START Input material

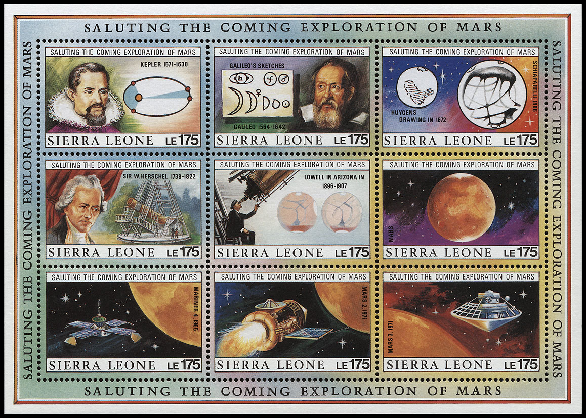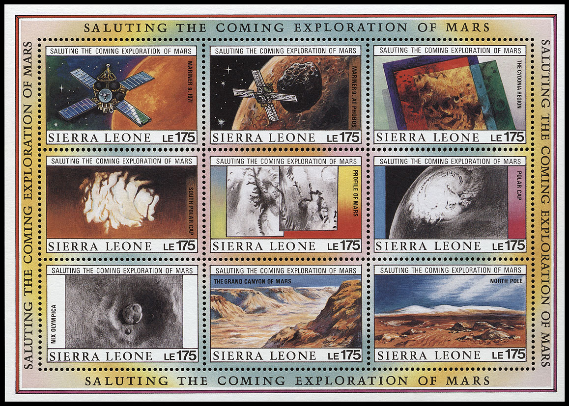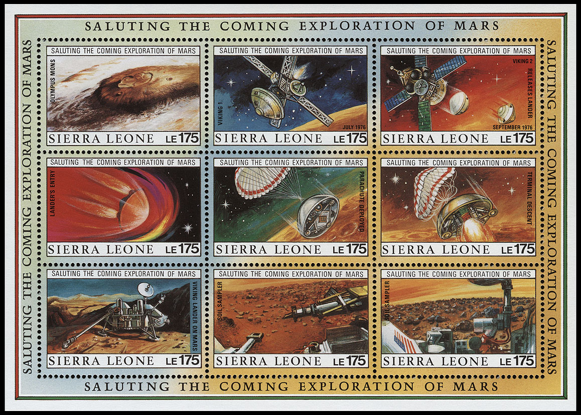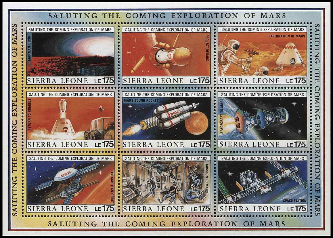 15 января 1990 года для Сьерра-Леоне была выпущена большая серия почтовых марок «Приветствуя предстоящее исследование Марса». Серия большая, 36 марок и один блок, выпущена по инициативе американца Алана Шона Файнстайна (Alan Shawn Feinstein).
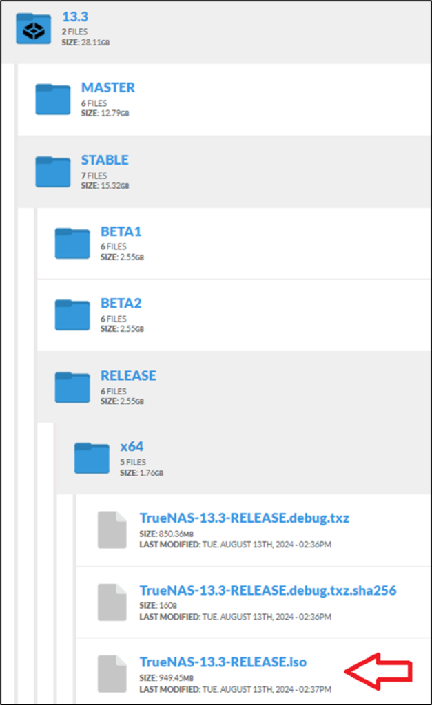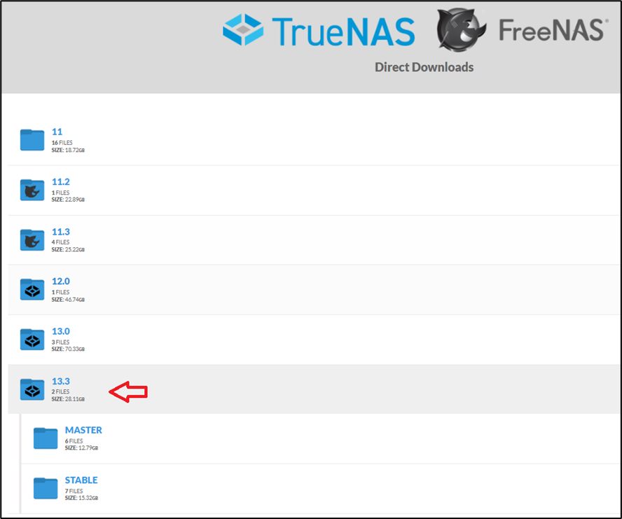 Realizar acesso ao site https://download.freenas.org/ e realize o download da última versão disponível, no meu caso baixei a versão 13.3.
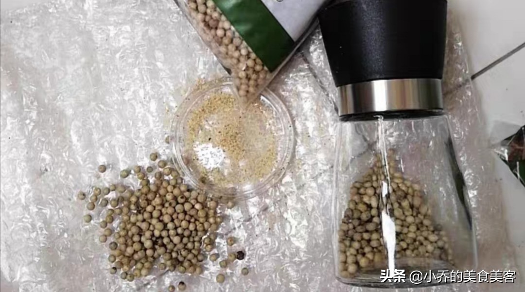 很多人认为胡椒粉是去腥的,错,胡椒粉的作用是增鲜,煎炒烹炸中都能用到它。关于胡椒粉的相关知识,以及买什么样的又便宜又实惠,我以前专门介绍过,我建议大家去翻看一下。
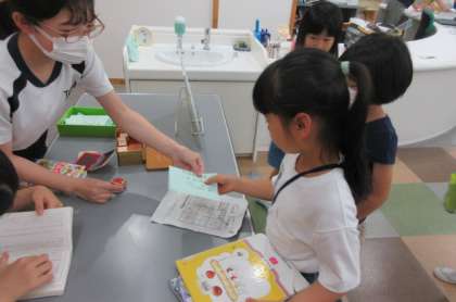 休み時間に、図書委員会が企画した「ブックビンゴ」に挑戦しました。
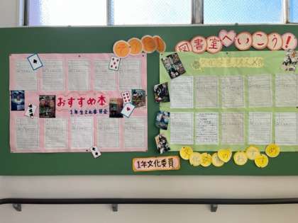 各学年の文化委員が「おすすめ本」を紹介しています。この本、面白そうだな、興味があるなぁと思った人は図書室へ。
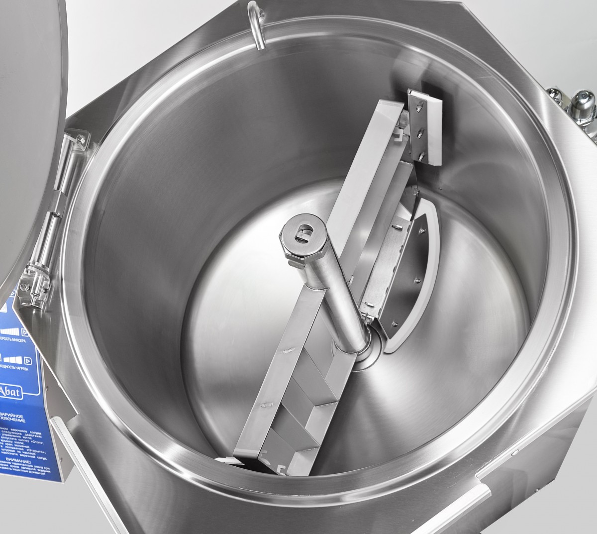 Миксер котла имеет прочную конструкцию с толщиной ребер 3 мм и нижним приводом. Он предлагает плавную регулировку скорости вращения от 0 до 120 об/мин и функцию реверса, что позволяет эффективно перемешивать продукты.
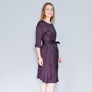 BROCK COLLECTION Eggplant Button-Front Tie-Belt Dress Sz 8
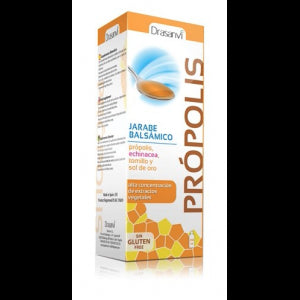 Propolis Jarabe Balsámico es un complemento alimenticio rico en extractos vegetales y propolis. Los extractos vegetales utilizados son: Amapola roja, gordolobo, malvavisco helicriso, tomillo, pino e hinojo. Se ha utilizado un propolis de primera calidad. El propolis es una sustancia elaborada por las abejas, a partir de componentes resinosas de las plantas. El propolis está formado por resinas, bálsamos, aceites esenciales y materia orgánica, entre las que destacan los flavonoides como la galangina y la quercitina.
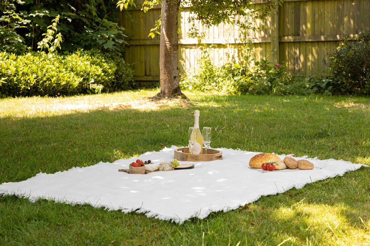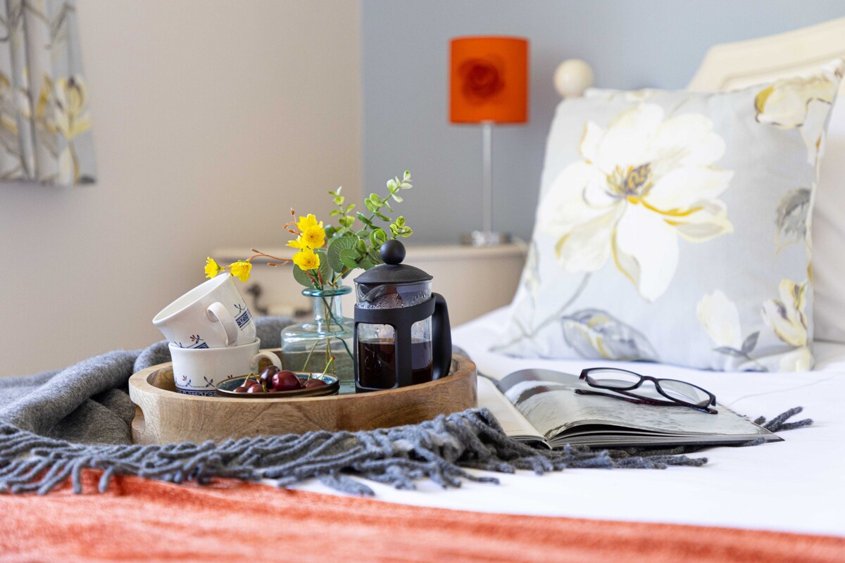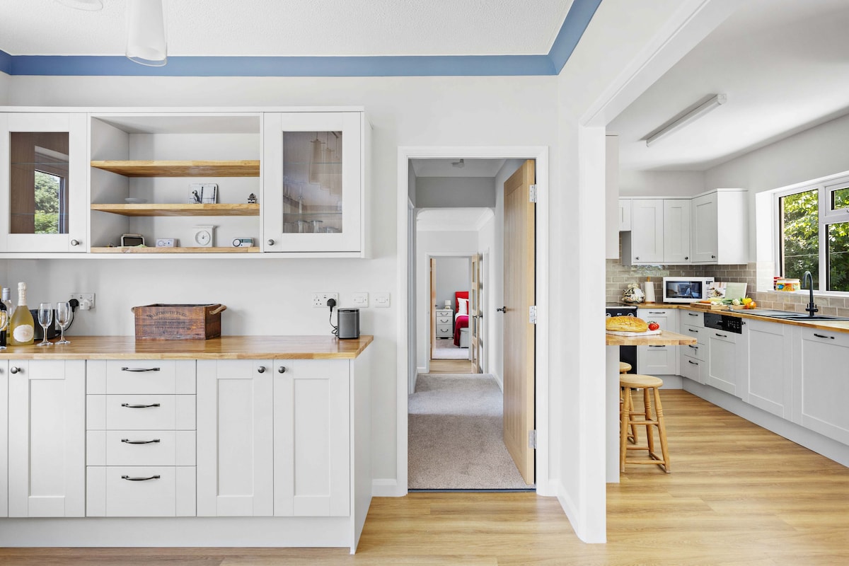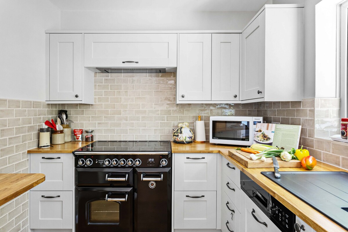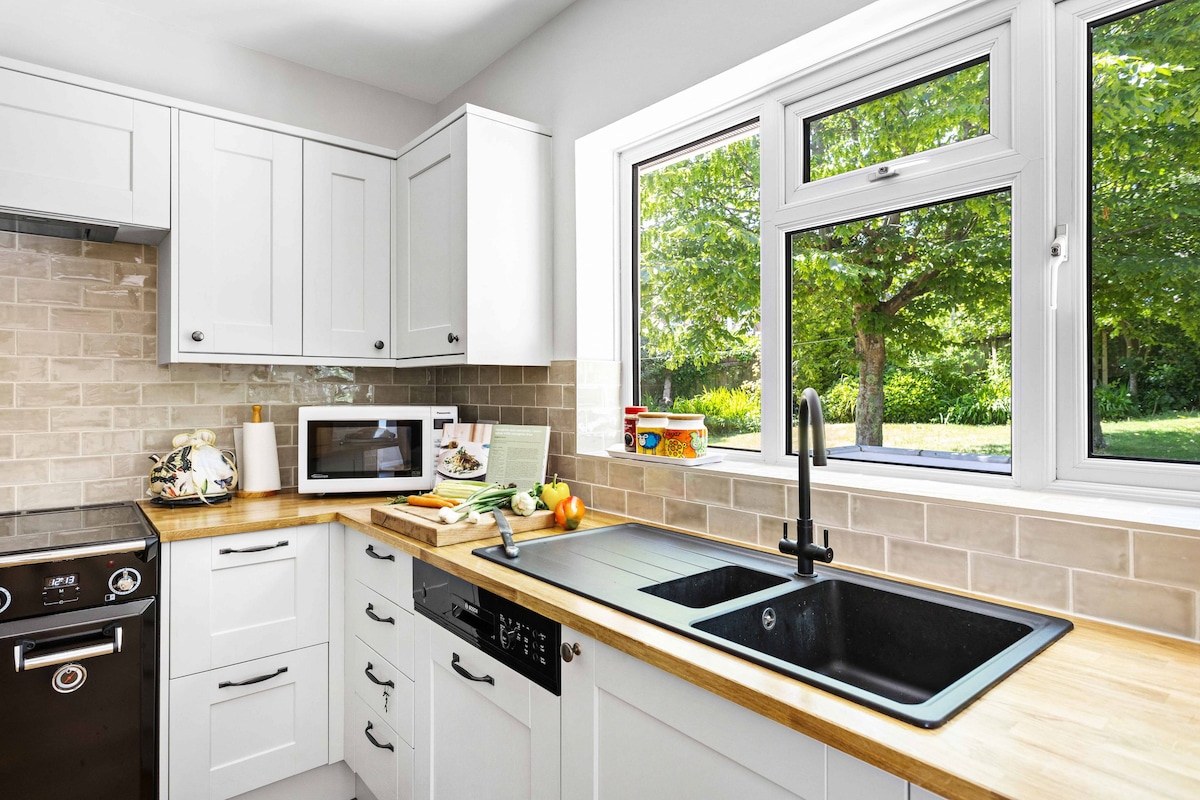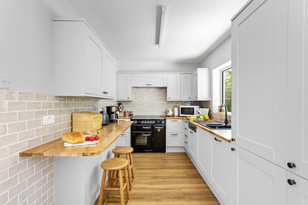 The Seashell-white Shaker-style kitchen includes a brand-new Rangemaster oven and hob, a black quartz sink, and a solid oak worktop; it's also well-equipped with a microwave, toaster, and filter coffee maker. A grinder is supplied for you to freshly-prepare your favourite coffee. There’s a second area adjacent to the living space for preparing drinks and light meals.
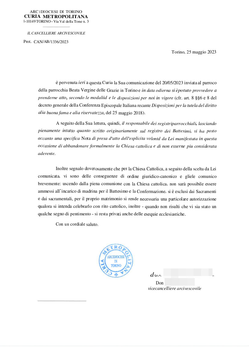 Una persona ha chiesto la rettifica dei dati relativi al proprio battesimo avvenuto a Beata Vergine delle Grazie - TORINO (TO) il 16/06/2023, dichiarando di non voler più far parte della Chiesa Cattolica.
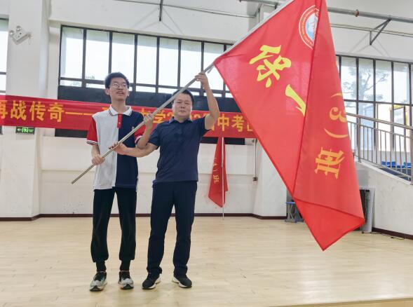 仪式最后,校长黎小勇为九年级各班班长授班旗并宣布2023年中考出征:珠珊中学九年级学子向中考进军。
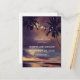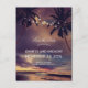 Beach- eller destinationsbröllop spara datumvykort med handflatan, lila solnedgång och sträng ljus
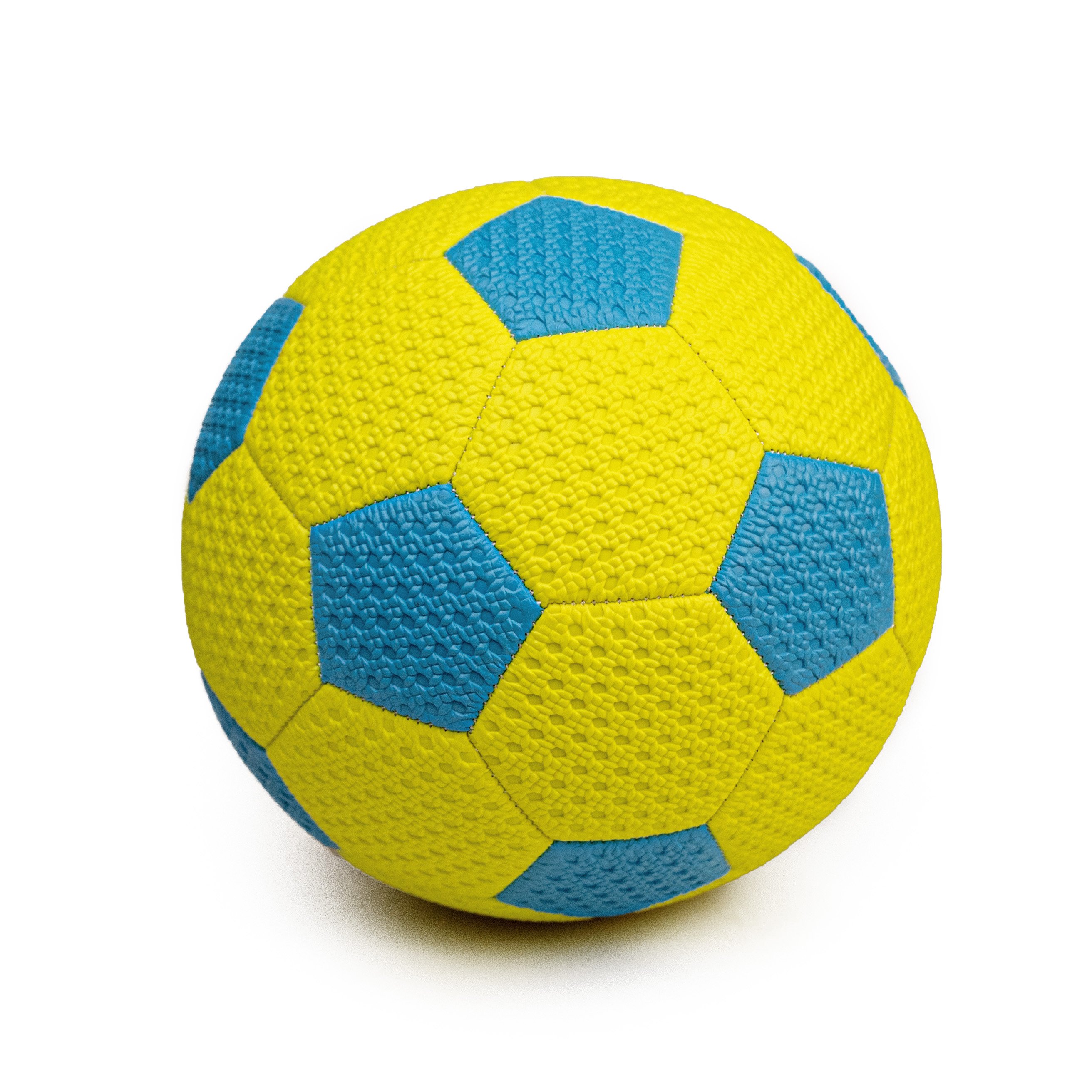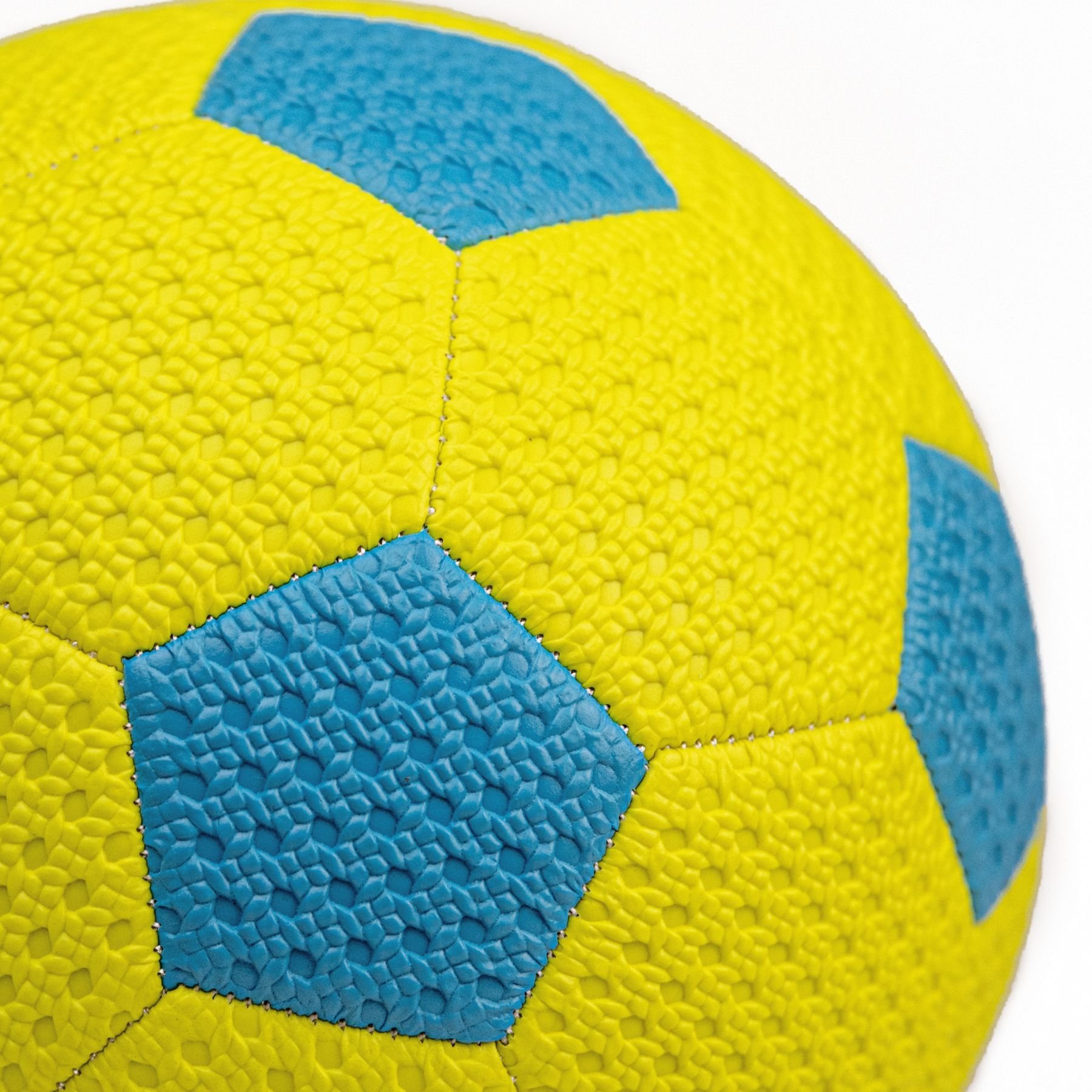 Odolný materiál (PVC): Míč je vyroben z kvalitního a trvanlivého PVC materiálu, který odolává opotřebení a zaručuje dlouhou životnost. Povrch s texturou (jak je vidět na obrázku – malé výstupky na žlutých plochách) zlepšuje úchop a kontrolu míče.

END Input material

* Task to carry out *
Word for word, repeat the lines above from the one with "休み時間に、図書委員会が企画した「ブックビンゴ」に挑戦しました。" through the one with "The Seashell-white Shaker-style", and nothing beyond them. Omit the pictures.

* Answer space *
 休み時間に、図書委員会が企画した「ブックビンゴ」に挑戦しました。
 各学年の文化委員が「おすすめ本」を紹介しています。この本、面白そうだな、興味があるなぁと思った人は図書室へ。
 Миксер котла имеет прочную конструкцию с толщиной ребер 3 мм и нижним приводом. Он предлагает плавную регулировку скорости вращения от 0 до 120 об/мин и функцию реверса, что позволяет эффективно перемешивать продукты.
 BROCK COLLECTION Eggplant Button-Front Tie-Belt Dress Sz 8
 Propolis Jarabe Balsámico es un complemento alimenticio rico en extractos vegetales y propolis. Los extractos vegetales utilizados son: Amapola roja, gordolobo, malvavisco helicriso, tomillo, pino e hinojo. Se ha utilizado un propolis de primera calidad. El propolis es una sustancia elaborada por las abejas, a partir de componentes resinosas de las plantas. El propolis está formado por resinas, bálsamos, aceites esenciales y materia orgánica, entre las que destacan los flavonoides como la galangina y la quercitina.
 The Seashell-white Shaker-style kitchen includes a brand-new Rangemaster oven and hob, a black quartz sink, and a solid oak worktop; it's also well-equipped with a microwave, toaster, and filter coffee maker. A grinder is supplied for you to freshly-prepare your favourite coffee. There’s a second area adjacent to the living space for preparing drinks and light meals.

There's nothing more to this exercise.